Nokia (NOK) Lower as Investors Approve Microsoft (MSFT) Deal
According to the WMPoweruser (FT) on Tuesday, about 99.7 percent of Nokia shareholders approved the €5.4 billion deal with Microsoft (Nasdaq: MSFT). An extraordinary general meeting was held today in Helsinki.
Shares of Nokia have more than doubled since the deal was announced in late summer. The Financial Times listed four potential questions by investors.

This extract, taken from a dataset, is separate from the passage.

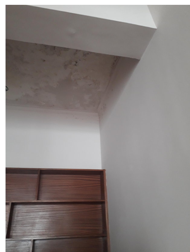
Φωτο 7 1:13.33

Ενδειξη υγρασίας στα επιχώματα από διαρροές των υδραυλικών
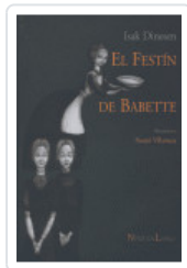
FESTIN DE BABETTE DINESEN, ISAK

First, what will happen with the rest of Nokia? Well, Nokia will find itself with a pile of cash (net €7.5 billion or so). This paints the way for potential bolt-on acquisitions for NSN. While some recent speculation has been made to Nokia entering a deal to acquire Alcatel-Lucent (NYSE: ALU), chatter Tuesday has Nokia putting to rest any such rumors.
There's also concern about ebbing revenue in the telecom equipment segment given an influx of lower-cost alternatives out of China.

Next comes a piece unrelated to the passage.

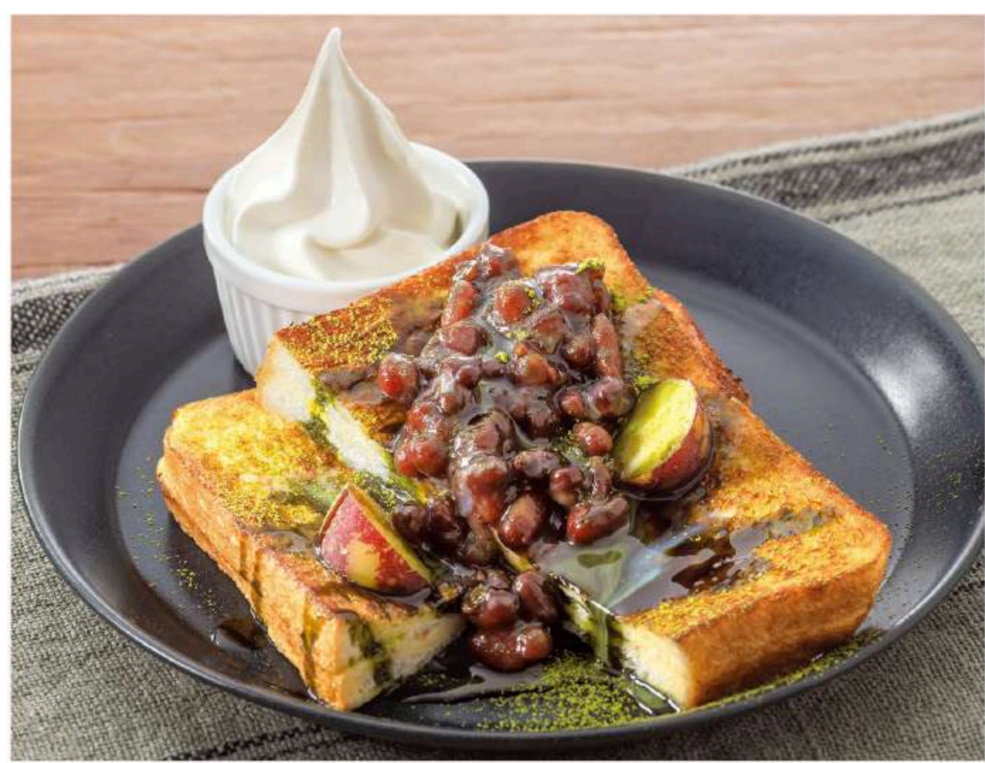
抹茶ミルクフレンチトースト 880円

定番 メープルフレンチトースト 820円 ふわりとろトーストを香ばしく焼き上げた王道フレンチトースト。メープルの甘さがお口に広がります。

Next, who will be CEO? While Risto Siilasmaa is filling the CEO role on an interim basis, some speculate that NSN chief Rajeev Suri might be a good fit. Another choice might be CFO Timo Ihamuotila. One key point made is that structure of Nokia will be as important as who is leading the company. Suri is likely to put NSN in focus, while Ihamuotila might opt for more of a holding structure setup.
Investors will want to know what will happen with Nokia's other two divisions. While many are excited over Nokia's advanced technologies unit, which would largely work on R&D for the company, some are less excited about its maps segment. The main reason Nokia's map unit wasn't sold to Microsoft was due to conflict over price, according to some reports.
Finally, what about a shareholder-friendly capital allocation? The FT noted that some expect about €4 billion to be returned to shareholders in the form of special dividends over the next few years. Third Point's Dan Loeb, who recently took a stake in Nokia, will also likely push for a rich buyback or dividend.
Amid the reports, Nokia shares are paring recent gains, down 3 percent Tuesday.